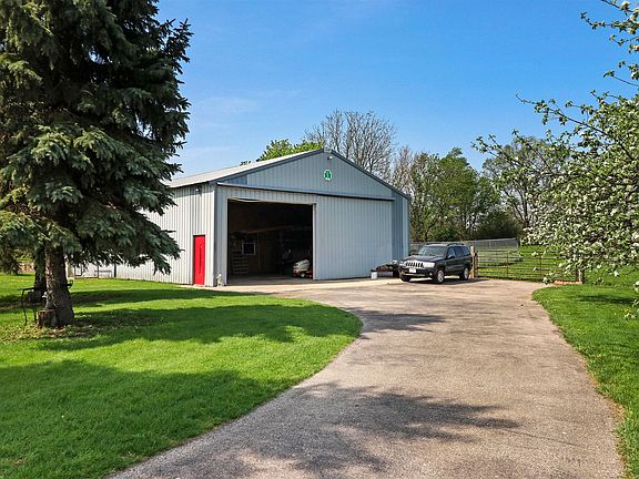 The perfect combination of country charm on a 4.47 acre fully fenced farm w/ victorian farmhouse, 54' X 40' pole barn, pastoral views, 3 car garage, high speed internet, natural gas and great location on the edge of Darien w/ easy access to I43 & Hwy 14. You will love lazy summer days on the huge porch that stretches across the front of the house, entertaining in the formal dining room and front room w/ pine floors, cooking meals for holidays in the huge kitchen w/ cathedral ceilings and overlook loft, relaxing in the big sunroom w/ vaulted, ship lapped ceiling and walls of windows or throwing an impromptu cookout on the deck. All of the rooms are oversized. The 3 Car garage w/ goat/poultry barn & pole barn w/ electric, water and 3 stalls are ready to make your farm dreams come true!
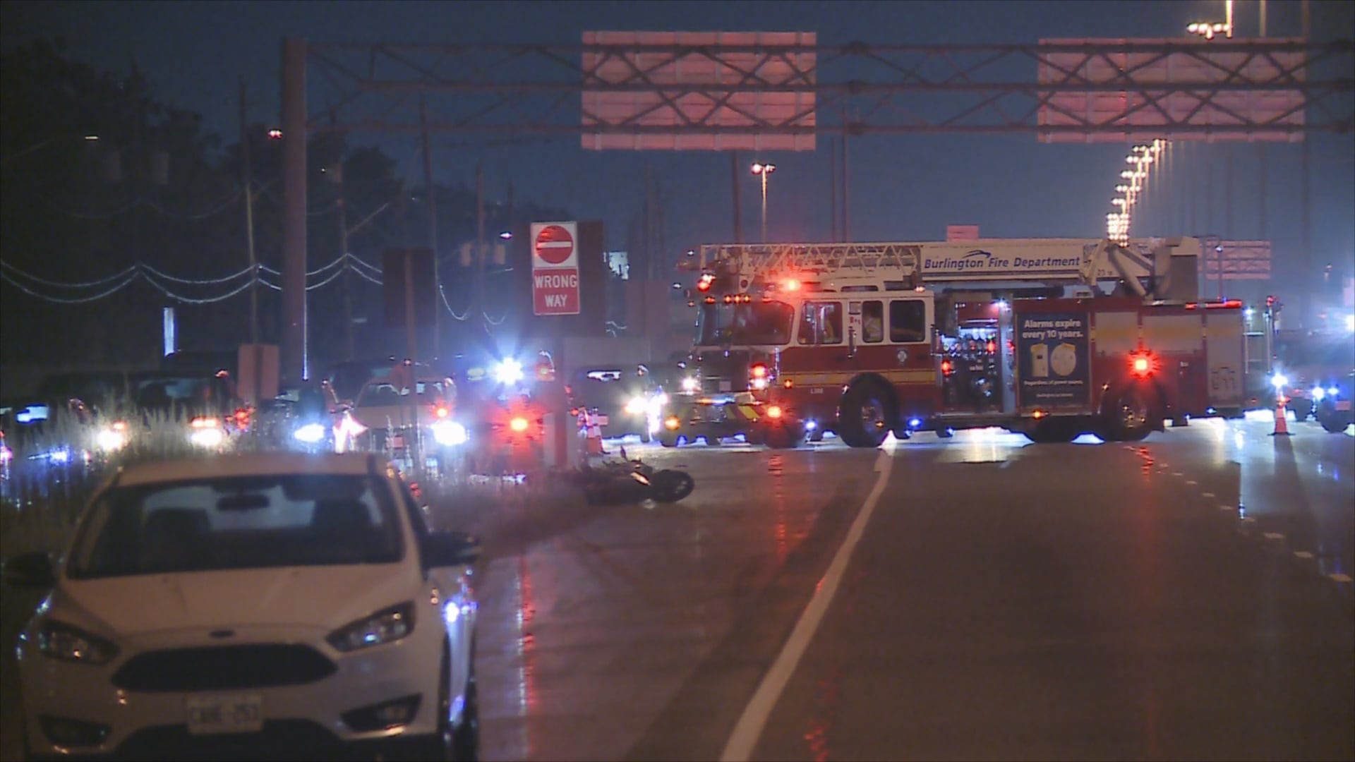 OPP investigating a serious motorcycle crash that temporarily shut down a stretch of the QEW in Burlington on Saturday August 16, 2025 (CP24 photo).
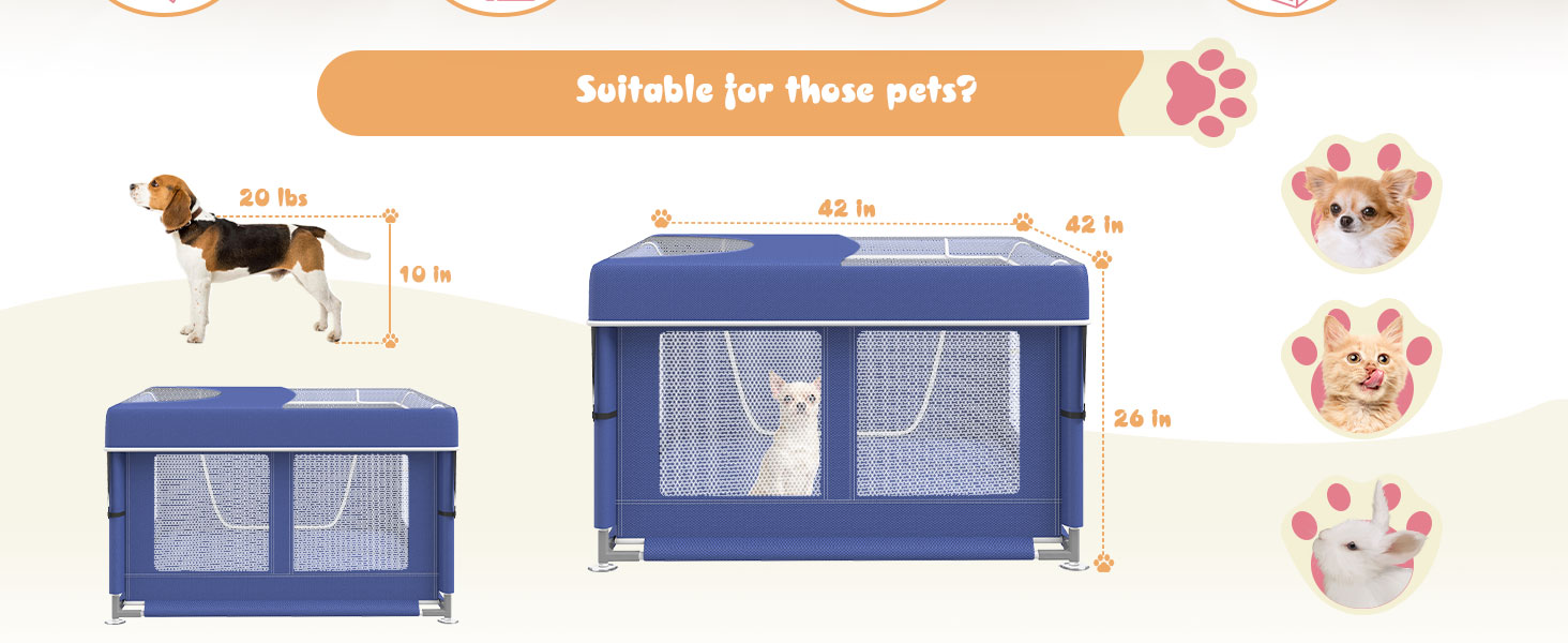 NOTE: Dog playpen outdoors fits small to medium-sized dogs - pets up to 10 inches tall at the shoulder and up to 20 pounds in weight!
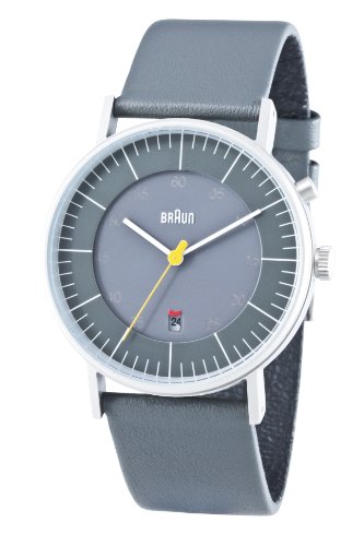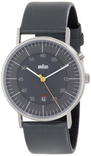-. Binding : Watch -. Brand : Braun -. Department : mens -. EAN : 5013348607423 -. Feature : Round watch featuring stick indices, seconds indicators at inner dial, and date window at 6 o'clock / 38 mm stainless steel case with mineral dial window / Quartz movement with analog display / Leather calfskin band with buckle closure / Water resistant to 50 m (165 ft): In general, suitable for short periods of recreational swimming, but not diving or snorkeling -. Label : Braun -. Manufacturer : Braun -. Model : BN0013GYGYG -. MPN : BN0013GYGYG -. NumberOfItems : 1 -. PackageQuantity : 1 -. PartNumber : BN0013GYGYG -. ProductGroup : Watch -. ProductTypeName : WATCH -. Publisher : Braun -. Studio : Braun -. Title : Braun Men's BN0013GYGYG Classic Calendar Grey Stainless Steel Watch
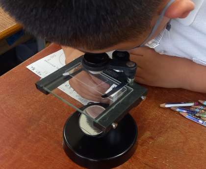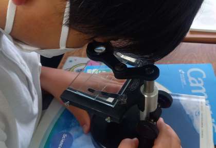 学習園にある池の水中には、どんな生物がいるのか顕微鏡で見ています。
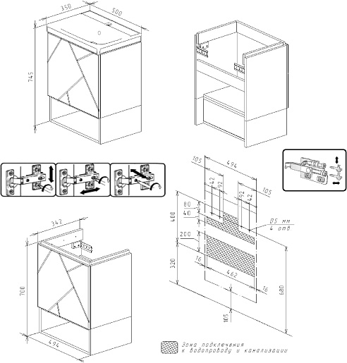 Комплектация: тумба под раковину, крепления.
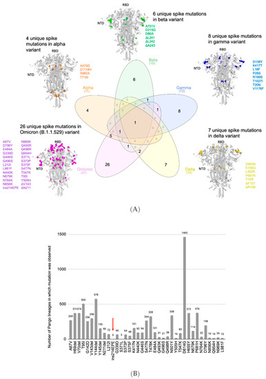 Core mutations were derived for parental lineages from the Coronavirus Antiviral Research Database (CoV-RDB; covdb.standford.edu; accessed 10 December 2021) for each variant of interest or variant of concern: Alpha (B.1.1.7), Beta (B.1.351), Gamma (P.1), Delta (B.1.617.2), Lambda (C.37), Mu (B.1.621), Eta (B.1.525), Iota (B.1.526), Kappa (B.1.617.1), and Omicron (BA.1) [27]. All SARS-CoV-2 genome sequences corresponding to the Omicron variant were directly derived from the GISAID database [2,3]. There were 1448 SARS-CoV-2 genomes annotated as B.1.1.529/BA.1/BA.2 as of 13 December 2021. These genomes were compared to other (non-Omicron) genomes deposited in GISAID before the same date to determine the number of lineages in which each Omicron Spike protein mutation was previously observed.
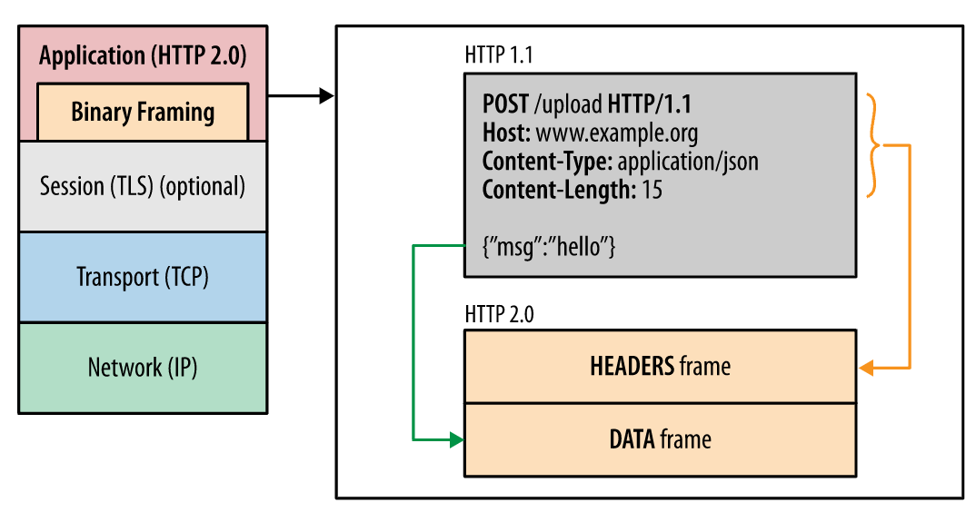 2.0에선 헤더와 데이터를 frame 단위로 나누고, 바이너리로 인코딩하여 다수의 프레임으로 구성된 메세지를 전달하는 방식이다.
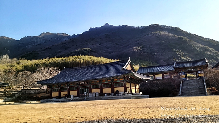 저 멀리 표충사 요사채 뒤편으로 보이는 재약산이 멋진 그림으로 펼쳐 보입니다.
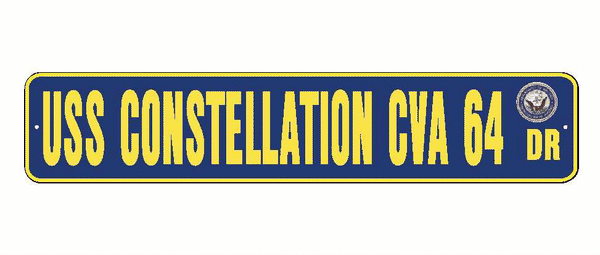 USS CONSTELLATION CVA 64 Aluminum Street Sign Navy Blue / Yellow 6" x 30" Military USN SS002
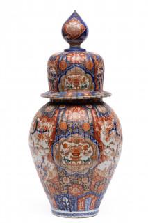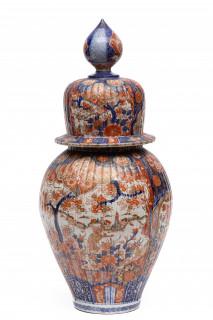 Japan, large Imari porcelain jar and cover, Meiji period (1868-1912), the ribbed sides decorated with flowers and birds, the cover with drop-shaped finial (condition: finial restored, chip to cover)
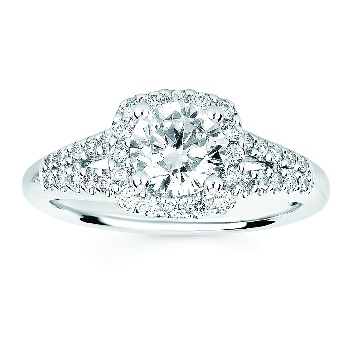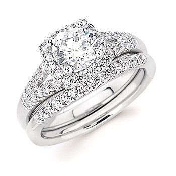 Engagement Ring Halo Bridal: 1/3 Ctw. Diamond Halo Semi Mount available for 1 Ct. Round Center Diamond in 14K Gold
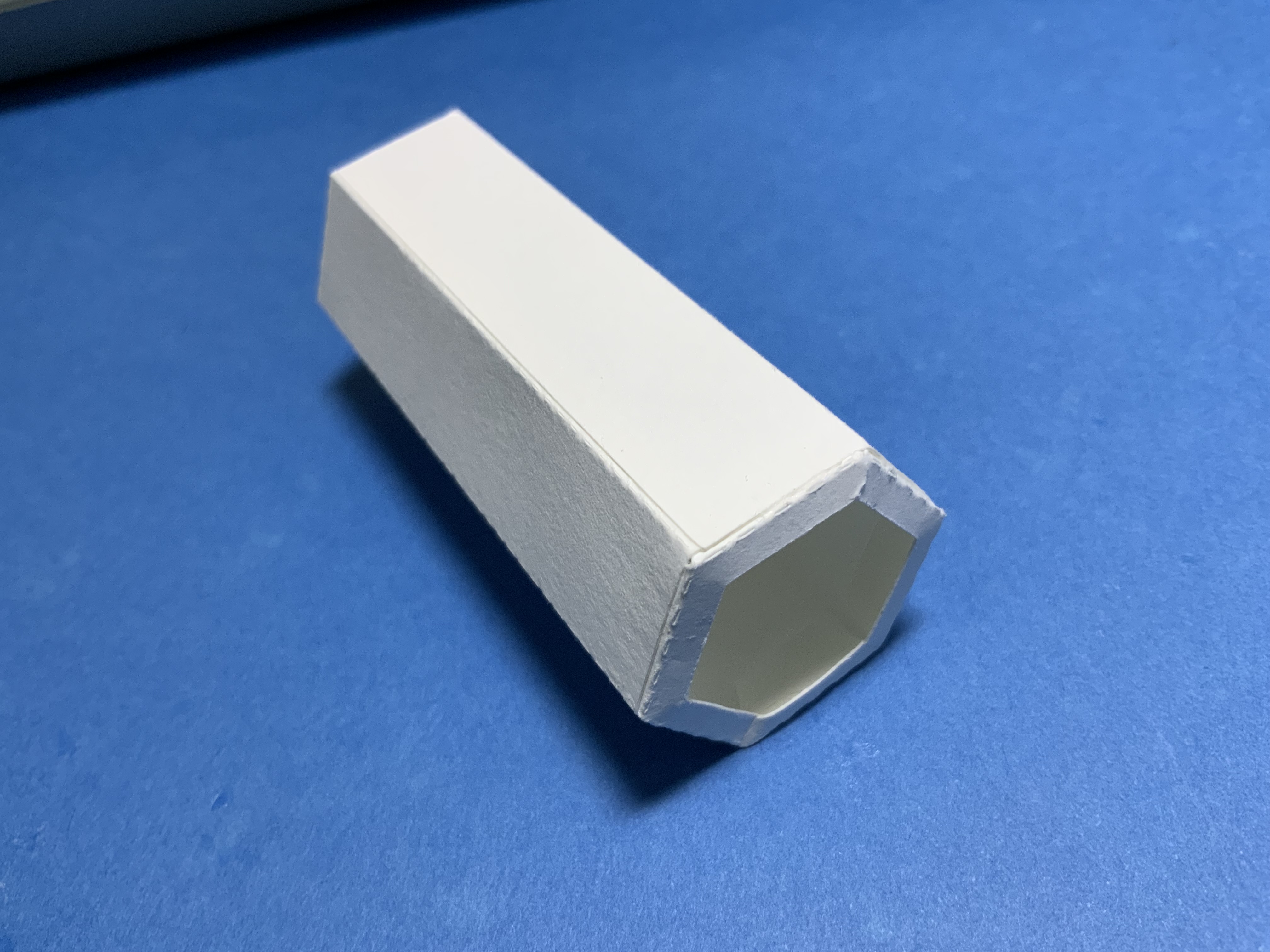 The eyepiece tube can be folded flat so that the glue will adhere properly. (Shown in the photo above on the left.) Do not leave it in this position for too long as glue might have entered the center of the tube and adhere it together. Once each tab has adhered, make the tubes into a hexagonal tube.
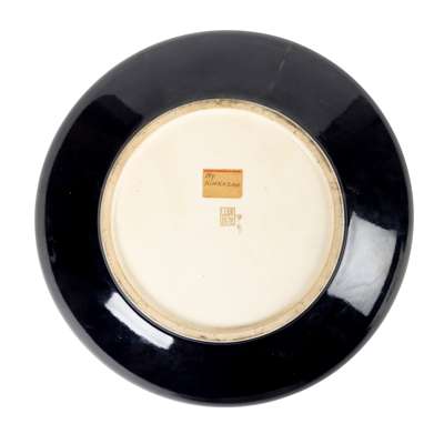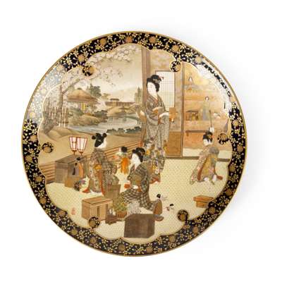 finely painted with beauties unboxing and displaying dolls for the Hinamatsuri, the rim with a border decorated with gilt blossoms reserved on a black ground, signed in red enamel Ikko ga (painted by Ikko), the underside with impressed and gilded seals Kinkozan zo (made by Kinkozan)
━━━━
Exercise objective = Leaving the pictures out, transcribe word for word the lines from the one with "Engagement Ring Halo" to the end of the material above, inclusive, and nothing else.

Result for this task =
 Engagement Ring Halo Bridal: 1/3 Ctw. Diamond Halo Semi Mount available for 1 Ct. Round Center Diamond in 14K Gold
 The eyepiece tube can be folded flat so that the glue will adhere properly. (Shown in the photo above on the left.) Do not leave it in this position for too long as glue might have entered the center of the tube and adhere it together. Once each tab has adhered, make the tubes into a hexagonal tube.
 finely painted with beauties unboxing and displaying dolls for the Hinamatsuri, the rim with a border decorated with gilt blossoms reserved on a black ground, signed in red enamel Ikko ga (painted by Ikko), the underside with impressed and gilded seals Kinkozan zo (made by Kinkozan)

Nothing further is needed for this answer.